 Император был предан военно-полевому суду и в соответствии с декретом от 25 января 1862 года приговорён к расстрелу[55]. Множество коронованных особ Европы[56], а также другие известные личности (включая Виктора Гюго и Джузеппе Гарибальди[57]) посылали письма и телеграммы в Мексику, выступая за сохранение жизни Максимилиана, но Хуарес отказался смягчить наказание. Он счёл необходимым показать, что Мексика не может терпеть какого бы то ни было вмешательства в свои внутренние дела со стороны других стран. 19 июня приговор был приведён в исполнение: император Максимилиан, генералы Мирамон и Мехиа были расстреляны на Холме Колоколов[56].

--

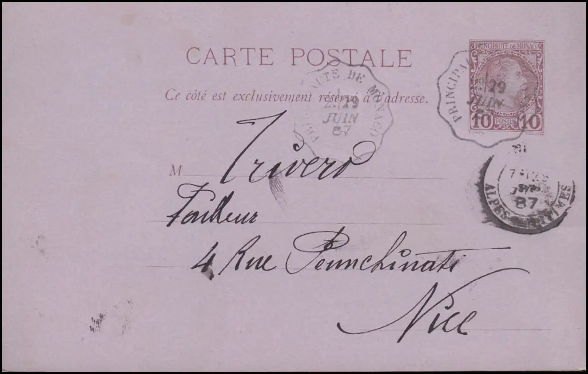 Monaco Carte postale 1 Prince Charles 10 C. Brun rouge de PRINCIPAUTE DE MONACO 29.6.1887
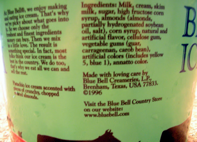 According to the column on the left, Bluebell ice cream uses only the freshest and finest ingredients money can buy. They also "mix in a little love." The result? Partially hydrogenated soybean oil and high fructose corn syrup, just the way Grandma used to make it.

YOUR GOAL = The reply should hold the entries above from the line with "Monaco Carte postale" to the line with "According to the", duplicated exactly, pictures excluded.

SOLUTION FOR THIS PROBLEM =
 Monaco Carte postale 1 Prince Charles 10 C. Brun rouge de PRINCIPAUTE DE MONACO 29.6.1887
 According to the column on the left, Bluebell ice cream uses only the freshest and finest ingredients money can buy. They also "mix in a little love." The result? Partially hydrogenated soybean oil and high fructose corn syrup, just the way Grandma used to make it.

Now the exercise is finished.